When selecting a high-speed switch, it's important to consider attributes and features beyond switching speed. For example, look for FCoE compatibility in the switch. Erickson noted that FCoE has not yet been fully standardized, so using network switches that do not share the same approach may result in performance degradation or outright incompatibility.
Also, pay attention to 10 GbE switch implementations. Although 10 GbE is an established standard, some vendors may tweak the standard a bit and make their implementation proprietary, requiring special network adapters and/or cables to run 10 GbE properly. Clarify the need for proprietary gear early in the switch selection process.
Consider the effect of overcommitted backplanes on overall switch performance in the field. As one simple example, 20 full duplex Ethernet ports running at 100 Mbps would require 4 Gbps of bandwidth on the switch's backplane. If the backplane only has 2 Gbps of bandwidth, you would only be able to run at 50% utilization before the switch starts dropping frames. Vendors often get away with overcommitting their switches, because networks rarely run at 100%. Therefore, switch performance “looks good” under light traffic loads, but it's a factor that should weigh heavily on any high-performance switch acquisition.
Finally, evaluate the scalability of the high-speed switch and determine how you can add more ports in the future. This may simply be a matter of daisy chaining one switch to another, adding blade switches or other proprietary modules, or other approaches. Also, consider the availability of configuration and management tools. It's important that the new switch integrates with existing tool sets and provides the metrics that allow IT staff to monitor and make good decisions for the new switch throughout its operating lifetime.
Testing advice for network switches
Most technology deployments are preceded by a period of testing and evaluation. The goal is first to ensure that the new product, system or tool can actually deliver the expected results in a controlled environment before rolling it out to production. A testing period also allows IT staff to develop familiarity and expertise – a level of comfort with operating and managing the technology. The lab is an appropriate place to test features such as failover or fault tolerance, not the production data center where service-level agreements may be in place.

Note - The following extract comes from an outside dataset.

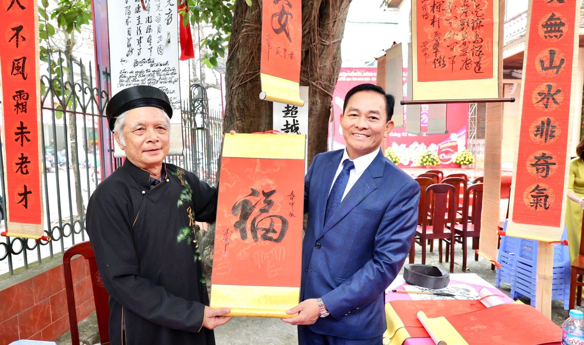 Ông Nguyễn Phùng Hoan - Phó chủ tịch HĐND tỉnh Nam Định chụp ảnh với tác giả bức tranh thư pháp |

High-speed, low-latency network switches also require due diligence, though experts note that the evaluation period is far shorter than other data center products. It rarely takes more than several weeks to learn management tools, verify feature compatibility and optimize the switch configuration. The main issue to consider when testing is how the switch performs under load conditions, particularly with conditions that involve load balancing. It's not just a matter of ensuring the switch's electrical integrity, but actually verifying that the switch will perform the way its manufacturer advertises.
“There should be very little in the way of proof of concept,” said Chris Steffen, principal technical architect at Kroll Factual Data, based in Lovaland, Colo. “I would want to know how the monitoring tools work, and frankly, I would expect a demo of how the monitoring tools integrate within the System Center environment that I have now.”